When asked about the strikes, Iger said he found the labor action “very disturbing” because of the growing challenges the media industry faces. “This is the worst time in the world to add to that disruption,” he said, noting the entertainment industry faces economic challenges and is still battling back from audience deterioration during the pandemic.

“And they are adding to a set of challenges to – that this business is already facing that is frankly quite disruptive and dangerous,” Iger added. He was also pleased that Hollywood was able to reach a deal with the Directors Guild and wants to make a similar deal with both the writers and actors. But he said the groups’ expectation are “just not realistic.” “You have to be realistic about this business environment,” Iger said. “It’s a shame. It’s really a shame.”

The actors are demanding increased pay, as well as progress on residuals, particularly on streaming services. There are also concerns about the emergence of artificial intelligence.

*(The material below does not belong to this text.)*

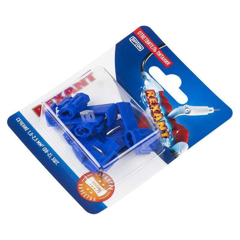 Ответвитель 1.0-2.5 мм2 синий REXANT предназначен для ответвления электроэнергии от токонесущего провода с последующей подачей питания на дополнительное электрооборудование. Такой, применяемый в электрике и радиоэлектронике, ответвитель представляет собой пластиковый корпус, внутри которого расположен контактный нож. Монтаж осуществляется в считанные секунды: прокладываем провода в корпус (без предварительной зачистки); небольшим усилием на крышку, в ходе которого контактный нож прорезает изоляцию вложенных проводов, защелкиваем ее. После защелкивания соединение готово к эксплуатации. Технические характеристики: - корпус ответвителя изготовлен из поливинилхлорида (ПВХ); - врезные контакты изготовлены из латуни с электролитическим защитным покрытием; - сечение применяемых проводов в диапазоне 1.0-2.5мм2; - цвет синий; - Материал контактов: луженая латунь; - Максимально допустимый: 18 А/250В.

When it comes to attendance at the U.S. Disney Parks, this summer has seen wait times for rides and attractions shortened, according to analysts who track theme park attendance. However, Iger said that he is “not at all concerned” about overall decline in the theme park business.

Iger believes declines in attendance are a temporary issue and a problem that exists for other competitors’ parks as well. He noted, for example, that hotel tax revenue in Florida has been down about 6% this year and competitors are offering discounts at their parks. Florida opening up early compared to other states during the pandemic sparked demand, and that seems to have leveled off as more competition from other states opened up, Iger said.